Root lifetime: 10 years. Key offline after bootstrap.
Intermediate lifetime: 5 years. Rotated mid-life.

Bootstrap Path (the one place `mesh.secret` still lives)

New node spins up with mesh.secret in its env.
First call to datahub:/enroll uses mesh.secret as the bearer.
DataHub signs the CSR with the intermediate, returns cert + CA chain.
Node writes /etc/rivetos/node.{crt,key} + rivet-ca.crt.
Every subsequent call is mTLS. mesh.secret is never sent again.

One release after cutover, mesh.secret is renamed bootstrap.secret and gated to datahub:/enroll only — no other endpoint will accept it.

Phase Map

Phase	Action
0.5	`scripts/rivet-ca.sh` lands. Root + intermediate generated. Every existing node enrolls. Mesh agent-channel starts accepting mTLS alongside bearer (one-release compat).
1	MCP server on CT110 listens on mTLS using the same CA. Runtime-RPC (Phase 2 prep) registered.
2	Runtime-RPC `:5701` on every runtime node.

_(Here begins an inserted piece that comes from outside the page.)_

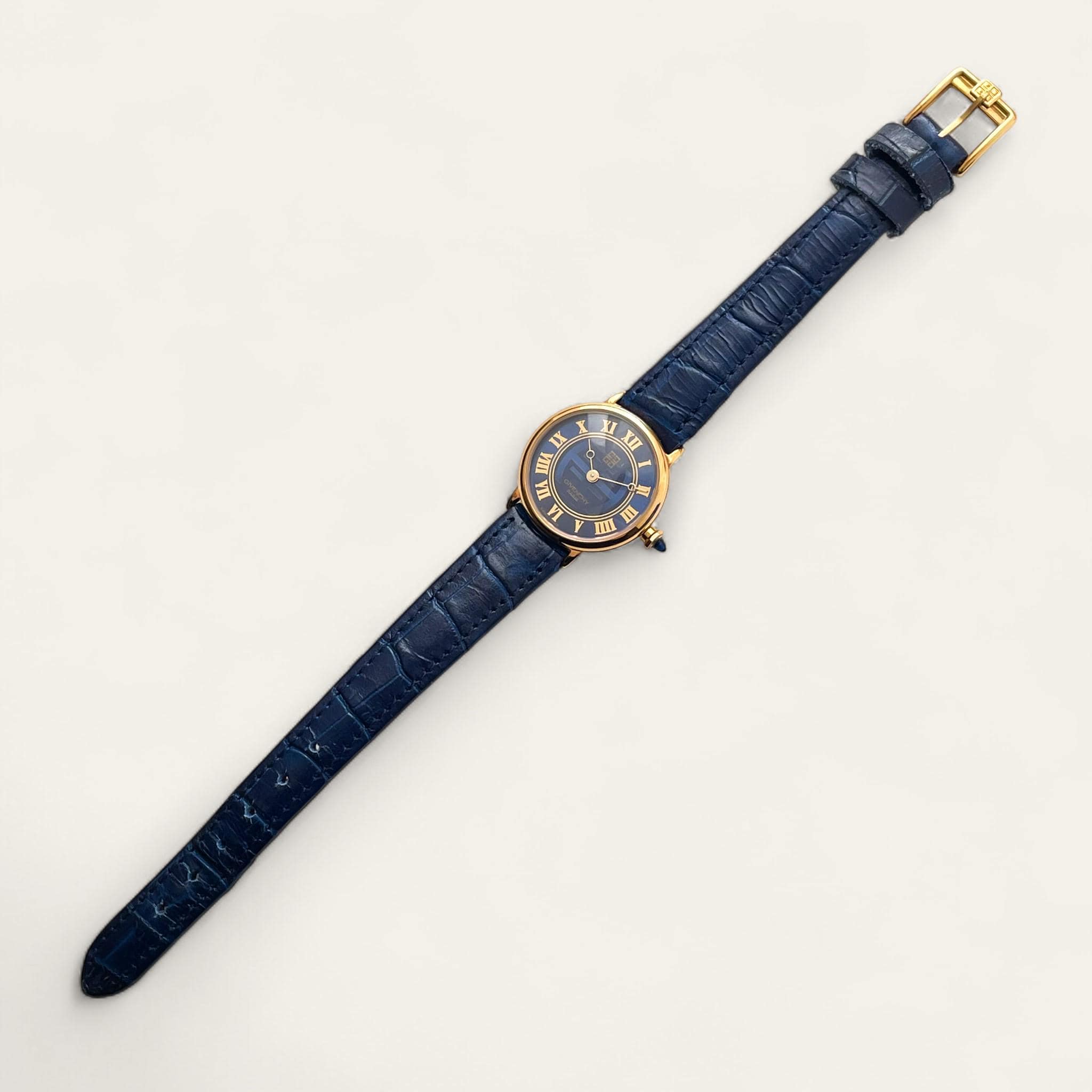 Vintage ladies' Givenchy Shanghai gold-plated watch with metallic blue dial, pointy cabochon crown and leather strap. A gorgeous watch from the French designer.

All calls mTLS-authenticated.
Next release after 0.5	Bearer path removed from agent-channel. `mesh.secret` demoted to bootstrap.

What this replaces

AgentChannelServer.authenticate() bearer check → mTLS handshake
DataHub HTTP bearer → mTLS handshake
“Whatever the MCP plugin was going to do on its own” → same CA as everything else

What it doesn’t replace

Session tokens. Minted by the MCP server after cert auth succeeds, used as a per-connection identifier inside the already-authenticated channel. Cannot be lifted off the wire because the wire is mTLS.
Per-agent allow-lists. Auth says who you are; allow-lists say what you’re allowed to call. Still required.
MEMORY.md secrecy convention. Client-side filtering of sensitive memory hits stays on the agent side by design — MCP server doesn’t know which results are sensitive.

Open follow-ups

Should agent client certs rotate independently of node certs, or piggyback? Lean: piggyback — one rotation event per node, all agents on that node re-issued at the same time.
HSM-backed root key storage once the collective has anything worth protecting. Fine without it during the design phase.